O acórdão considerou, em suma, que não foi recolhida prova de ter existido influência de um dos arguidos junto do executivo e funcionários camarários, que as vicissitudes apontadas na acusação quanto aos processos de licenciamento estariam relacionadas com lapsos do arquiteto responsável pelo projeto, assim como, a existência de um segundo processo de licenciamento, originado após a conclusão da obra, deveu-se ao procedimento escolhido para reposição da legalidade, face à existência da declaração de utilidade pública, na qual o tribunal também desatendeu a versão do Ministério Público, considerando que sempre seria deferir tal pretensão por força do fim a que o edifício foi destinado.
O Ministério Público já apresentou alegações de recurso, pugnando pela revogação da decisão e pela condenação de todos os arguidos e por todos os crimes porque foram acusados, assim como, na condenação do pedido de perda alargado formulado nos autos, contrariando todos os fundamentos de facto e de direito que levaram à decisão.

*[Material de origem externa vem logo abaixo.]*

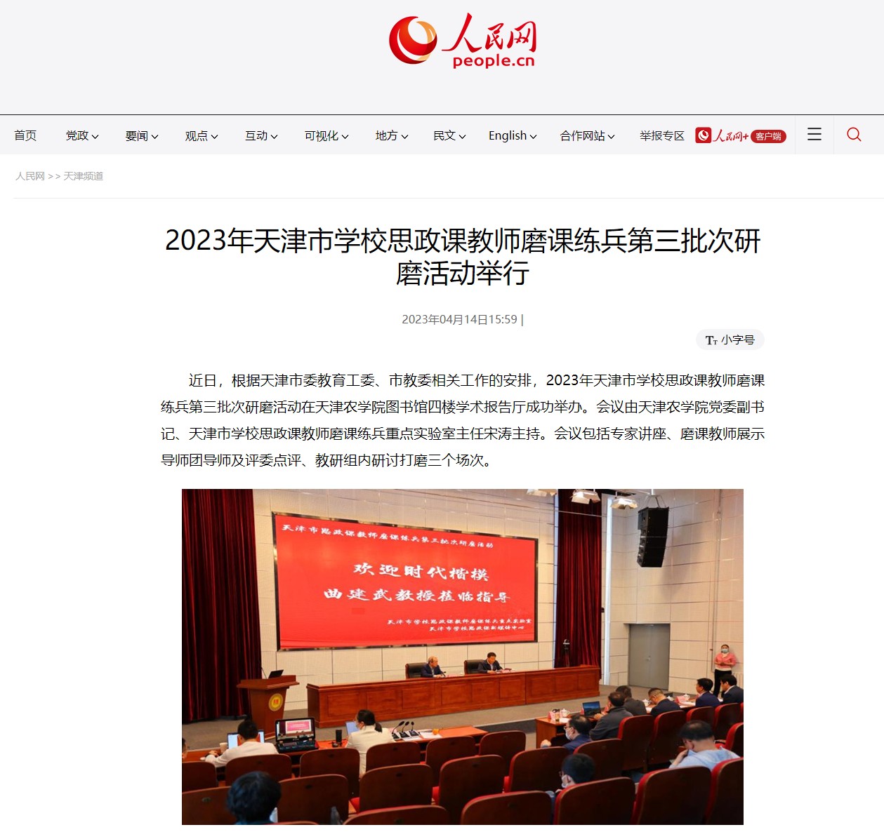 2023年04月14日人民网天津频道报道2023年天津市学校思政课教师磨课练兵第三批次研磨活动在beat365举行。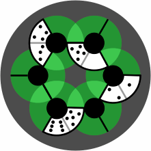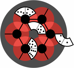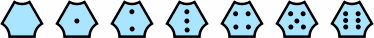 A tile with only one number, roughly triangular in shape, also fits the skew alignment diagram. It has three concave curves, each of which must abut a fractional or whole black dot. Despite having only one number, this tile takes three neighbors and thus permits branching of the layout. It is tinted cyan in the drawings for ease of identification.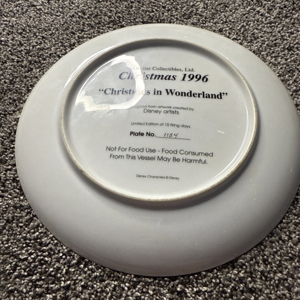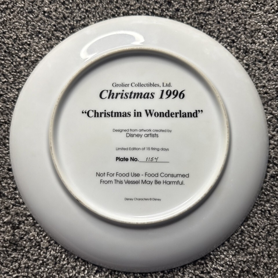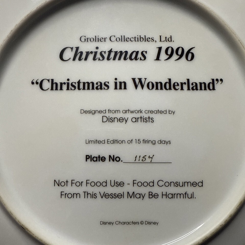 - Disney Alice CHRISTMAS WONDERLAND Christmas 1996 Grolier Collector Plate 8.75”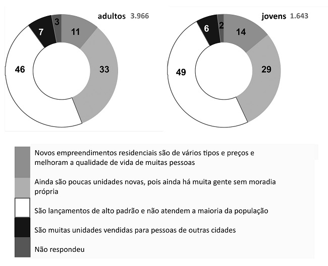 Em Jundiaí, a percepção do problema habitacional, com 49% das respostas para “os lançamentos não atendem a maioria da população” (Figura 7), trouxe para o debate que não faltam terras para habitação nem incentivos aos incorporadores, mas era necessário induzir a produção de unidades habitacionais mais baratas, que pudessem atender às diferentes faixas de renda.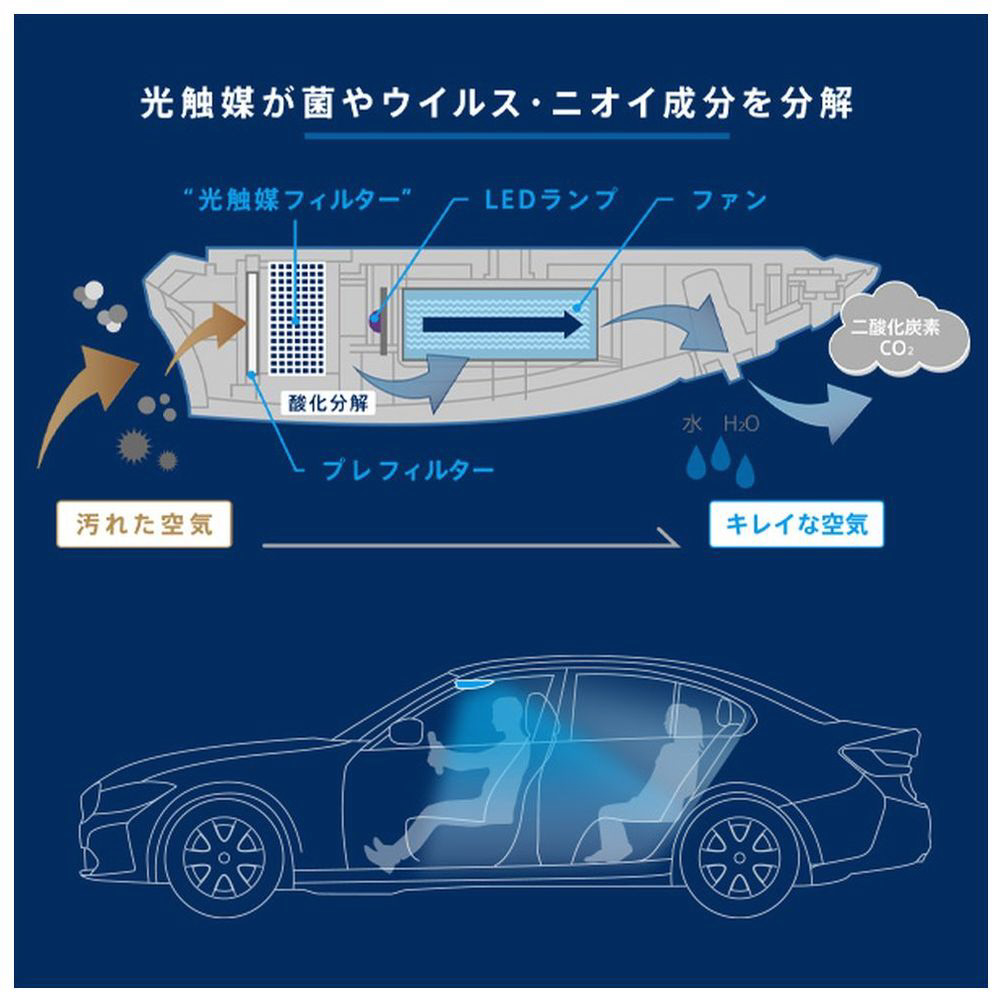 カルテック独自の光触媒技術で空気中の悪臭成分や有害物質、ウイルスなどを分解し、車内を常にキレイな空気へと浄化します。光触媒フィルターに光を照射すると、強力な酸化力を帯びるようになります。この光触媒が持つ強い酸化能力を利用して、空気中の悪臭成分や有害物質などを分解することができます。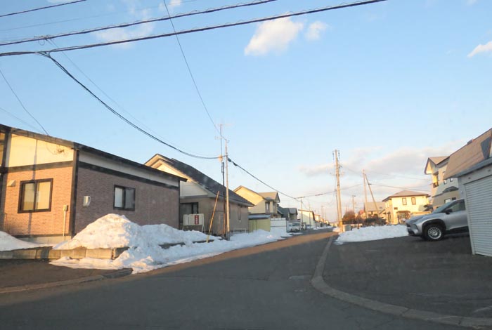 産岸通りから左折して西5号線のバス停前から北光通り交差点方向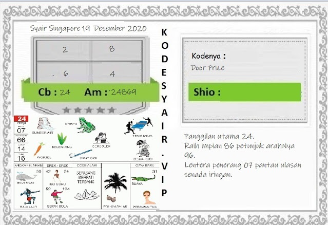 Pada dasarnya dalam semua permainan togel online ini sangatlah membutuhkan kepekaan atau kesadaran anda dalam membaca serta memprediksi nomor togel singapore. Oleh karena itu syair Togel Singapore yang kami terbitkan ini akan sangat memudahkan para pejudi online saat memprediksi angka keluaran di periode selanjutnya. kami sudah mempersiapkan dengan jelas tentang Prediksi Togel Sgp 19 Desember 2020 untuk anda para pencinta judi online.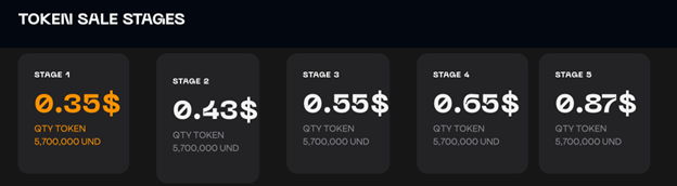 The presale price will continue to increase until hitting stage five, which will sell the token for $0.87. Therefore, the best time to purchase UND would be during the early stages.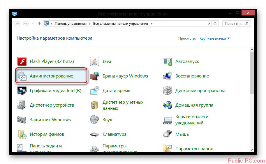- Войдите в «Панель управления», выберите «Администрирование».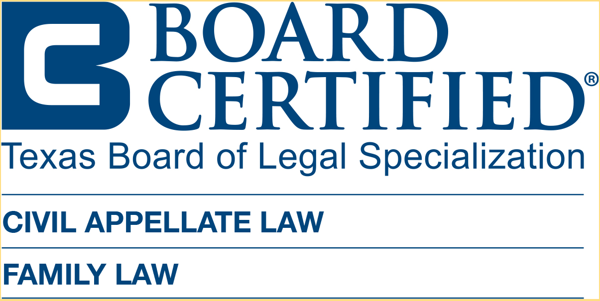 John is part of an elite group of fewer than 1% of Texas attorneys Double Board Certified by the Texas Board of Legal Specialization in both Family Law and Civil Appellate Law. His rare double board certification allows him to handle cases seamlessly from trial through appeal, ensuring clients’ interests are protected at every stage.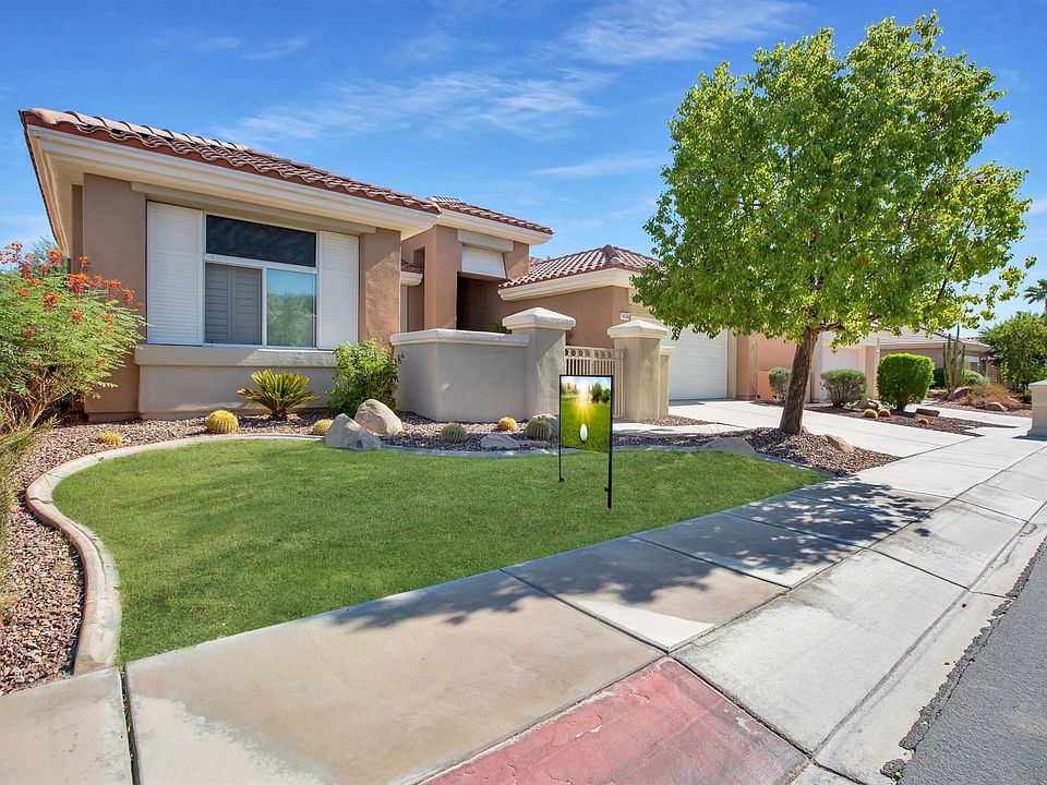 1 year lease Unfurnished, Tangier Model 2/2 +den with built-in desk is move-in ready. 55+ gated community. In the new section of Sun City Palm Desert and walking distance to the Lakeview Clubhouse with pool & fitness center. Upgrade kitchen has granite countertops and stainless appliances. Plantation shutters throughout. Carpet and tile flooring are all in light neutral desert tones making this home perfect to go with your deco. Large private backyard is beautifully landscaped and excellent for entertaining. Includes a golf cart, cable TV & Wifi. Sun City has 2-18 hole golf courses, miniature golf, fishing pond, tennis, pickle ball, fitness centers, restaurants, clubhouses with ample clubs and amenities.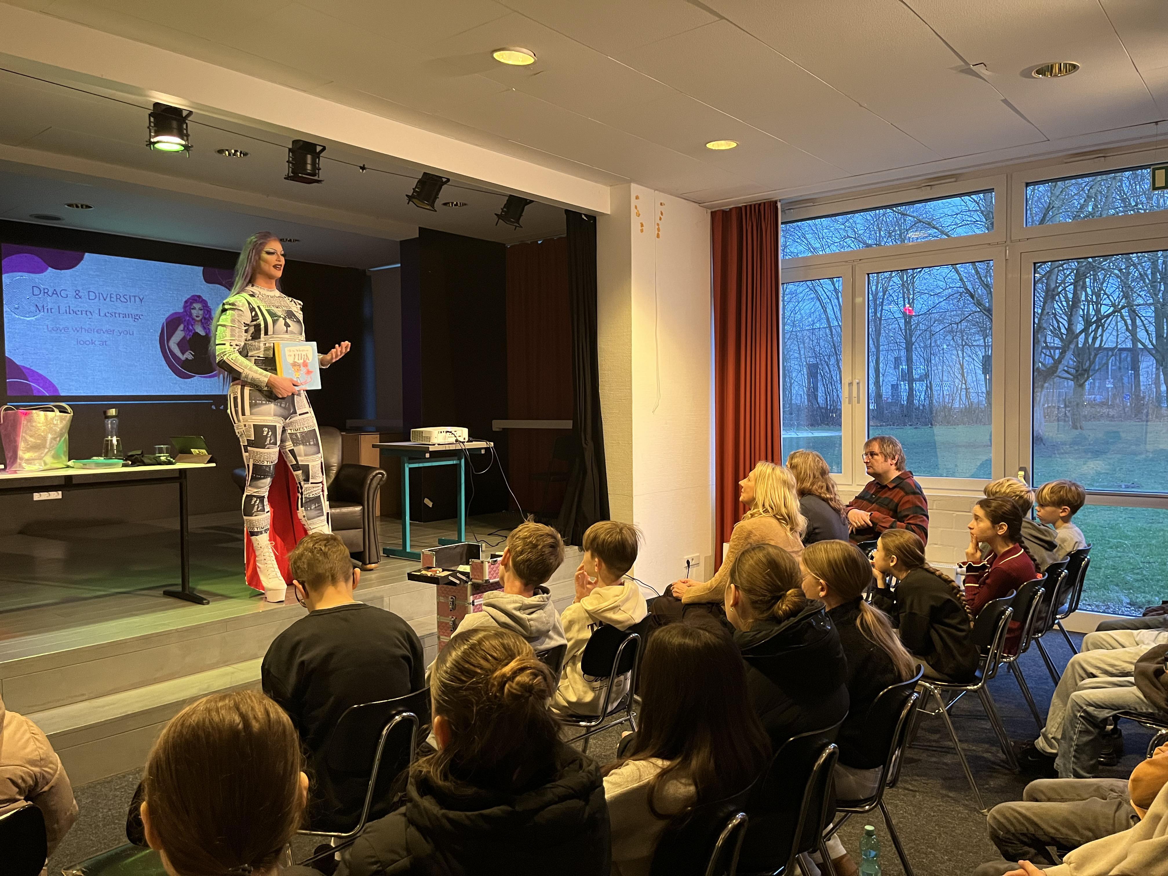 Im Rahmen des Unterrichts zur Sexualerziehung nach den Richtlinien des Landes NRW war an zwei Freitagen, dem 23.01.26 und dem 30.01.26, die Drag Queen Liberty Lestrange an unserer Gesamtschule zu Gast. Die Veranstaltungen waren pädagogisch vorbereitet und wurden von Lehrkräften und Mitgliedern der Schulleitung begleitet.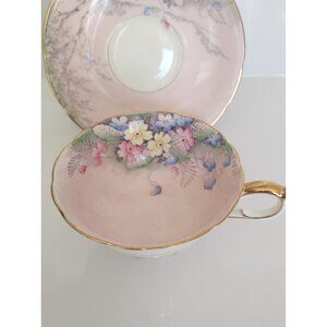 Paragon Wide Mouth Tea Cup and Saucer Set Pink Floral Landscape with Birch Trees Fine Bone China Double Warrant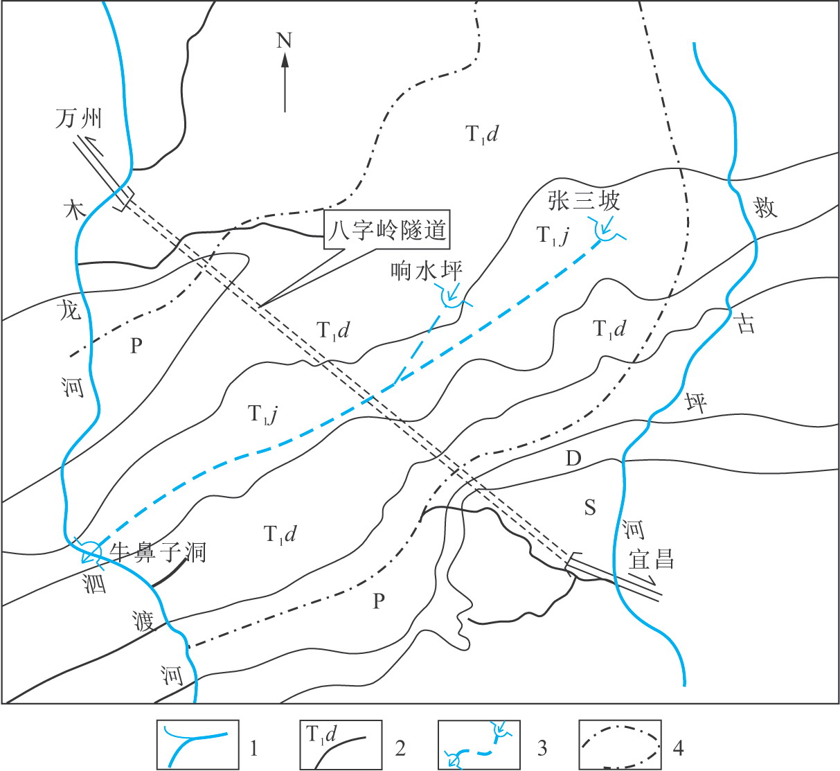 1.地表河流;2.地層界線;3.暗河及進出口;4.分水嶺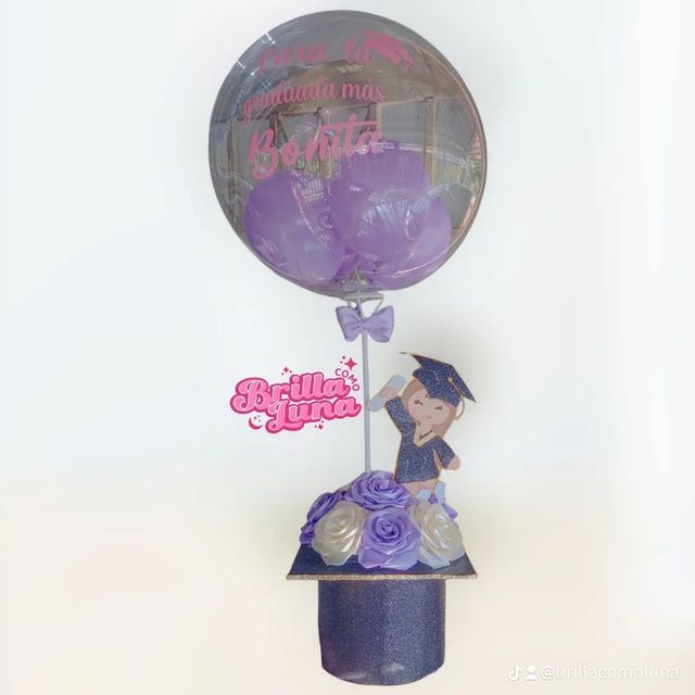 Incluye: - 9 rosas eternas - 1 muñeco de grado - 1 birrete grande - 1 burbuja personalizada - Moño decorativo

Defende o Ministério Público, em recurso, que o acórdão demonstra desconhecimento dos procedimentos de licenciamentos de obras particulares e demais legislação aplicável, aliado a credulidades e erros graves na apreciação da prova. Sustenta também que o acórdão enferma de vários vícios, designadamente de nulidades, de erros graves de apreciação da prova, apontando ainda que, tendo a acusação detalhado todo o caminho que seguiram ambos os procedimentos de licenciamento, o de 2003 e mais tarde o de 2007, na motivação da sentença o Tribunal nunca mencionou sequer a legislação de licenciamento de obras, os procedimentos que foram incumpridos, e as consequências a nível administrativo e criminal dos factos que o Tribunal entendeu como “lapsos”, que são na realidade nulidades daqueles processos de licenciamento.
E, ainda, que o Tribunal acreditou numa versão sem qualquer fundamento, contrariando prova documental do processo, prova testemunhal e as elementares regras da experiência.